# How Do You Make Your Darts ?



## wll (Oct 10, 2017)

Most of the time I used.40 Cal beads because that is what I had. I would grind the points sharp and then use a hook sharpening file to finish them off. The Skewer darts were just sharpened a bit more and then processed.

Do you prepare your shafts first and then make your cones and then assemble or ?

My blowguns at the time were the old Amazon Jivaro blowguns that I bought when I was a kid .... I had two 5 1/2 foot units and a 4 1/2 footer. I used the heck out of them and made my own .50 cal and stepped up my game. Those darts used cones/corks that fit the bore just perfectly and flew with great force. by the time it came around to me making my own BG I really had practiced a lot and had the breath control down to a science. My lungs and the rest of my respiratory system were a shooting machine ;- ) I think the CA law came into effect around the early 70's and at that time I was in college and not to much time to play with blowguns. After that I got back into it and to my surprise found out they were illegal, so needless to say that cramped my style, hence the demise of blowgun sports in CA.

wll


----------



## treefork (Dec 8, 2012)

I still have my old original Jivaro and darts from the 70"s .


----------



## wll (Oct 10, 2017)

treefork said:


> I still have my old original Jivaro and darts from the 70"s .


It was a pretty cool blowgun. Have you tested the velocity using the old plastic balls and those thin wire shafts ? As I remember the 5 1/2 ' model sent them out at a decent clip ;- ) about 175fps maybe a bit more ?
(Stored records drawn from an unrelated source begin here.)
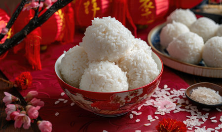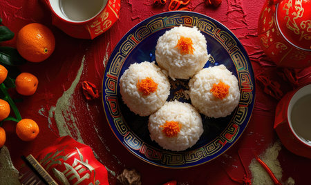 Experience the delightful presentation of traditional Asian dessert made from sweet rice, garnished with sesame seeds, ideal for festive occasions or gatherings.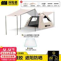 探险者帐篷天幕户外便携式折叠天幕帐篷野营加厚过夜露营装备全套 米黄3-5人帐篷+天幕+防潮垫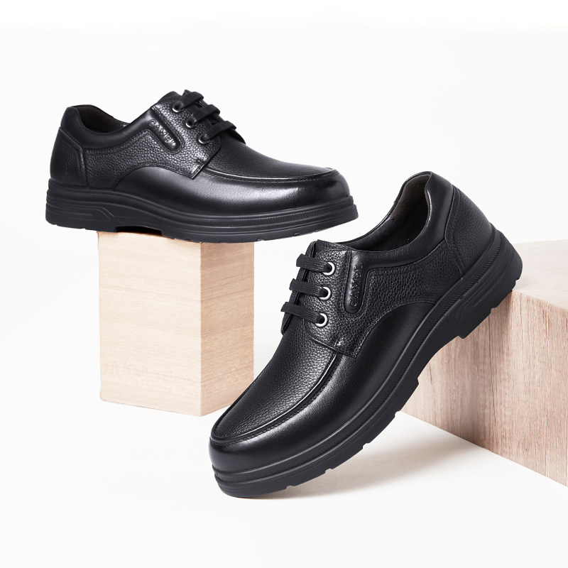 老人头皮鞋男真皮冬季中老年爸爸鞋大码男鞋加绒厚底商务休闲皮鞋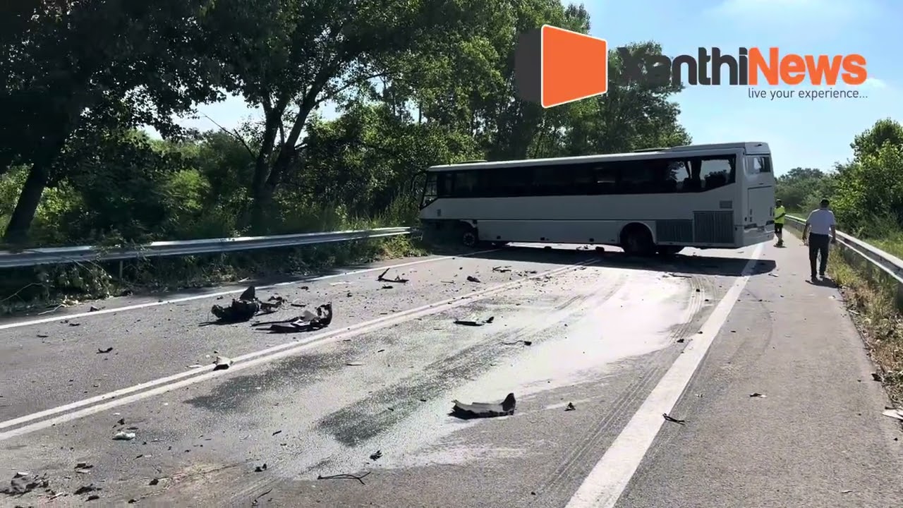 Την 16-6-2024 και ώρα 07.55΄, στο 11 ο χλμ της Eθνικής Oδού Ξάνθης – Καβάλας, Ι.Χ.Ε. αυτοκίνητο που οδηγούσε 26χρονος ημεδαπός και επέβαιναν ακόμη τέσσερα άτομα, συγκρούστηκε μετωπικά με Δ.Χ. λεωφορείο.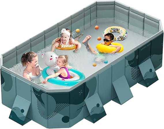 【型崩れしないタイプ】:夏の水遊びを思いっきり遊べる頑丈設計!プールは、複合補強板とPVCで構成されている。PVC複合補強板の生地は最先端の技術で耐摩耗性と防水性が高いため、周囲には複数の三角形の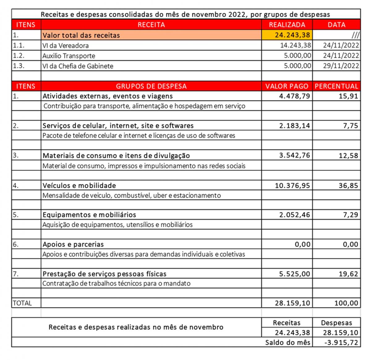 Ela apresentou sua prestação de contas referente ao mês de novembro de 2022, onde aponta que as verbas indenizatórias dela, da chefe de gabinete e o auxílio-transporte são depositados na conta em questão. (Ver no final).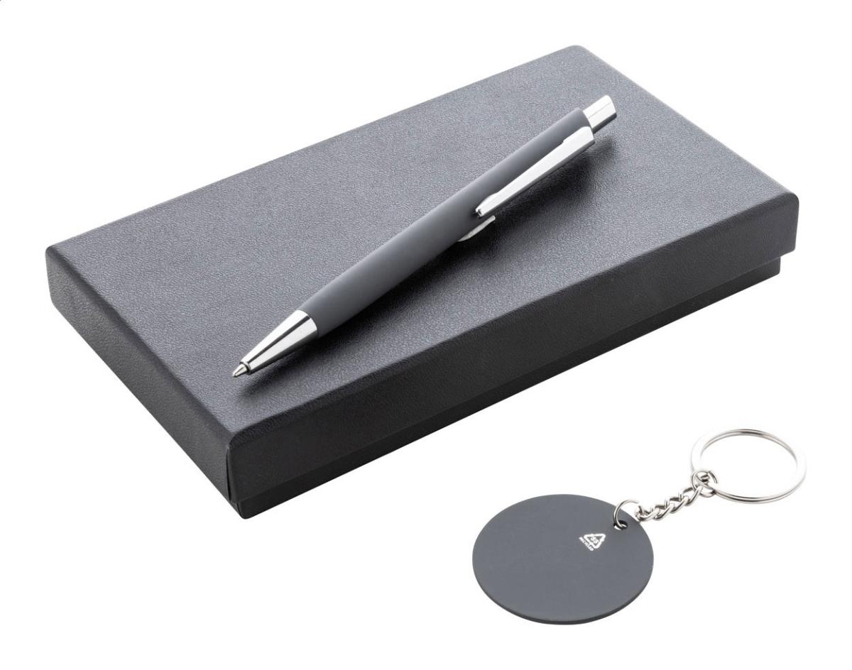 2dílná dárková sada v černé papírové dárkové krabičce. Včetně kuličkového pera z recyklovaného hliníku s pogumovaným povrchem a modrou náplní a přívěsku na klíče z recyklované nerezové oceli s pogumovaným povrchem. Obě položky mají speciální povrchovou úpravu pro zrcadlové laserové gravírování.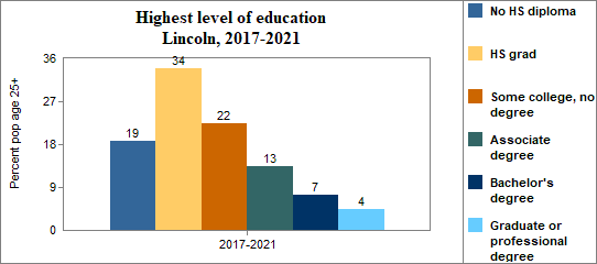 Educational attainment refers to the highest level of school completed. In Lincoln between 2017-2021 . . .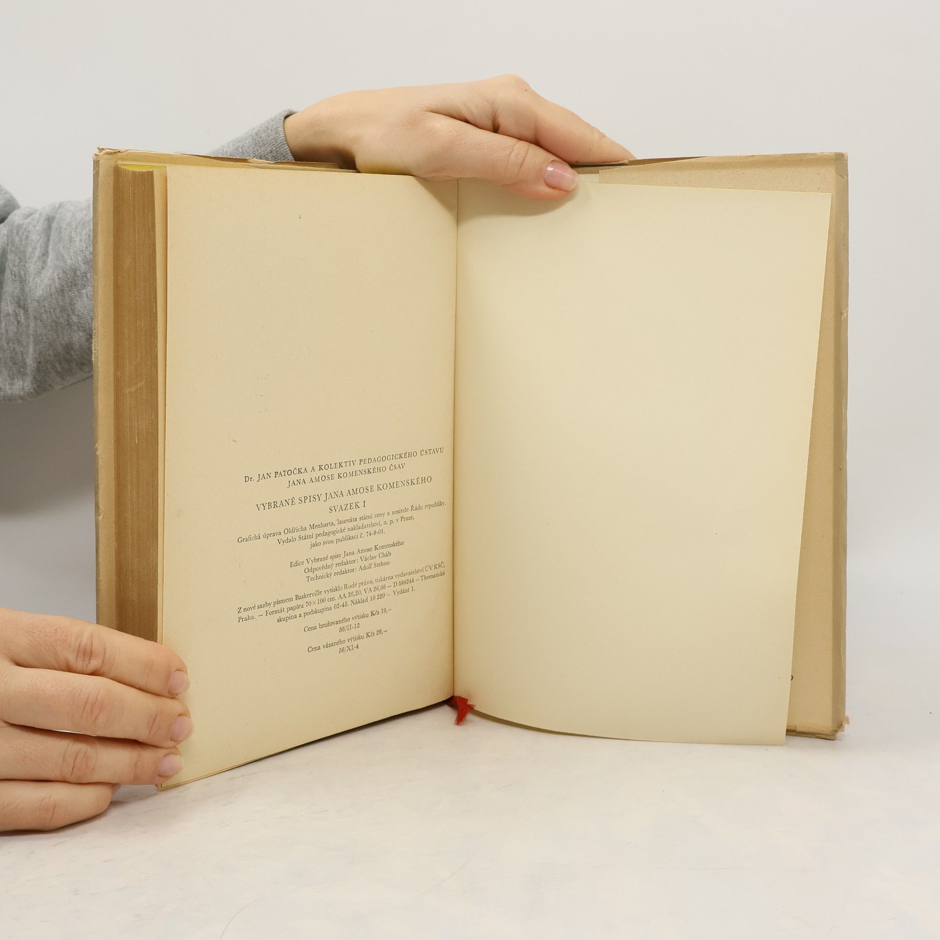 Skladem máme celkem knihy Vybrané spisy Jana Amose Komenského. Svazek I (1958).

Nice to see someone still has a blowgun from back in the day ;- )

wll


----------



## treefork (Dec 8, 2012)

wll said:


> treefork said:
> 
> 
> > I still have my old original Jivaro and darts from the 70"s .
> ...


No I have ever put it over the Chrony . I have the 4 1/2 ' model with a bunch of the orange beads and spring steel wire . They are a 38 caliber size . You can run the 40 cal cones thru it with a little material sanded off the 40 cal cone . The wire can be found at certain hobby stores . I think the cones are better than the original beads . They are more balanced and centered . I can still remember ordering it and the excitement of its arrival .


----------



## wll (Oct 10, 2017)

treefork said:


> wll said:
> 
> 
> > treefork said:
> ...


Treefork,

Thanks for sharing, I remember when got mine too ..... thanks again for the info and look back into this cool little blowgun ;- )

wll


----------